The designated wheelchair space being where it is situated easily becomes the cause of a stiff painful neck by the end of the movie. They also do not add many seats next to the wheelchair space so if one is with a large group of people, they are then forced to separate from the rest of their company. If you were to ask me, I’d say that’s absurd!

Sometimes, I wonder how much thought companies put into guaranteeing places are accessible. It appears as though they add accessible features just so they can tick a box to be categorised as such. I can’t help but wonder if the area was sat in and tested before being designated for wheelchair users. Were disabled people consulted in this matter…?
I’m inclined to believe we were not consulted and even if we were, it would take a lot of effort for the cinemas to change their overall layout and structure. Perhaps, it would be money, time, and remodelling. Perhaps, they are not ready to do that.

I’m not trying to complain unnecessarily, but this is something that has been on my mind for a while. What I have been doing for some time now is climbing up a few stairs to get up to a better position. With the help of the side rails and a familiar hand, I normally walk up and leave my wheelchair empty in the designated area. It’s not always ideal and can be sometimes awkward, but I do it because I am able to and if I paid for tickets, well, I want my money’s worth. Also, although they don’t complain, I do wish that whoever is in my company can also get a good view of the movie they’re excited about. It’s hard to do that from up close.

Rachy Lewis at cinema
Rachy Lewis at cinema

It shouldn’t be a necessity for me to either leave my wheelchair or settle for a sore neck and a bad view. I’m also very aware there are wheelchair users who would be unable to leave their chairs to climb steps. Plus, having to do that does defeat the purpose of disabled access.

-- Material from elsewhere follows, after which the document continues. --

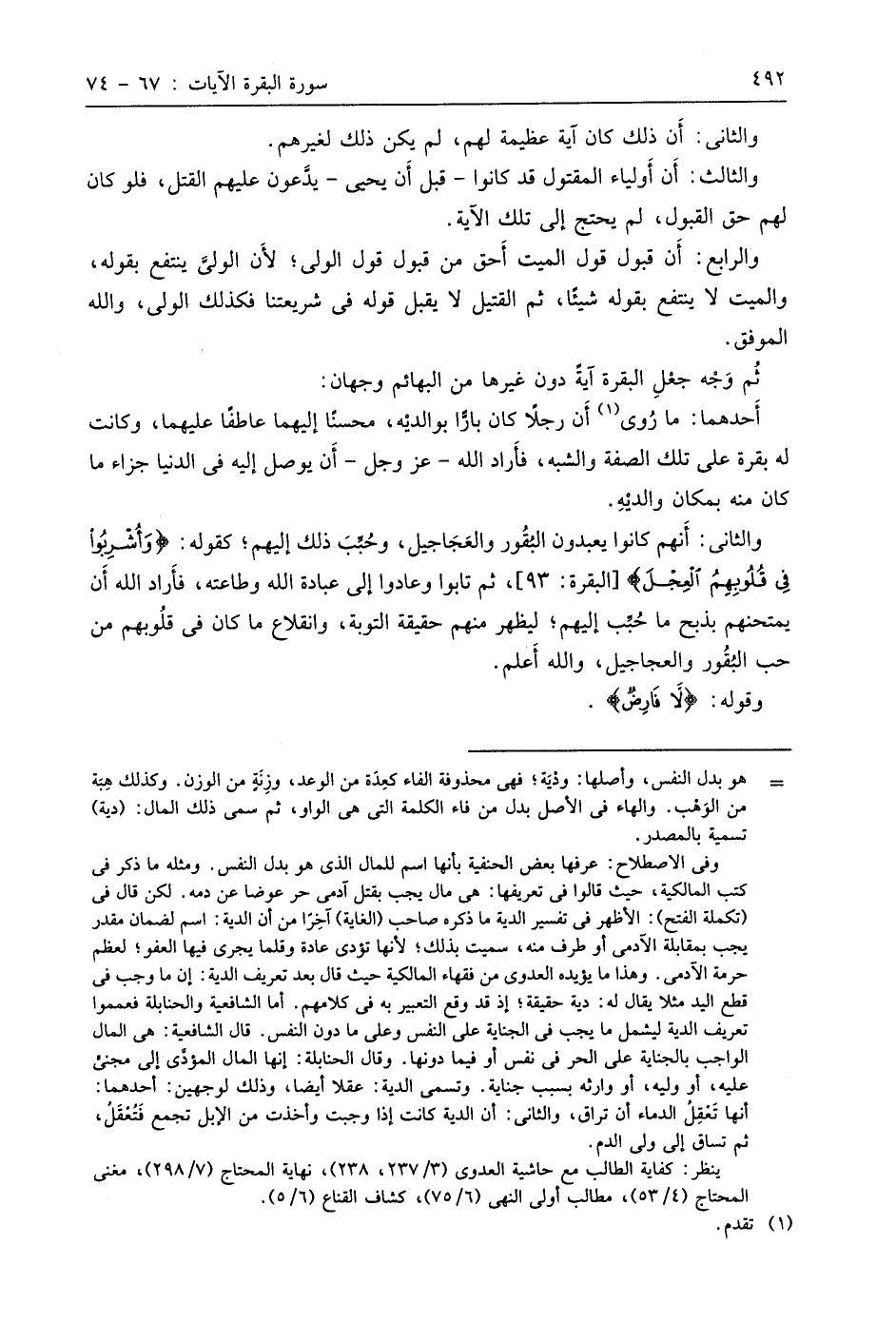 والثاني: أَنهم كانوا يعبدون البُقُور والعَجَاجيل، وحُببَ ذلك إليهم؛ كقوله: (وَأُشْرِبُوا فِي قُلُوبِهِمُ الْعِجْلَ)، ثم تابوا وعادوا إلى عبادة اللَّه وطاعته، فأَراد اللَّه أَن يمتحنهم بذبح ما حُبِّب إليهم؛ ليظهر منهم حقيقة التوبة، وانقلاع ما كان في قلُوبهم من حب البُقُور والعجاجيل، واللَّه أَعلم.

The truth is that able-bodied individuals also avoid seats that are too close to the screens because it’s difficult to see. Why then should people with disabilities settle for that?

I know there are cinemas with wheelchair spaces in the back for a better view of the screen, but I have yet to find any near my area. I strongly believe wheelchair spaces in the back should be the standard and not the exception. At the very least there should be more seating options for people with disabilities so we can choose for ourselves where we’d like to be.

Accessibility has improved a lot in the past few years and that is something to be grateful for. I am grateful indeed. I still think though that it is important that we continue to point out issues that cannot and shouldn’t be ignored.

For a long time, things have had to be adapted in order for people with disabilities to not be left out. Now, I think it’s time we go beyond adaptation as a society and acknowledge the needs of everybody from the very start.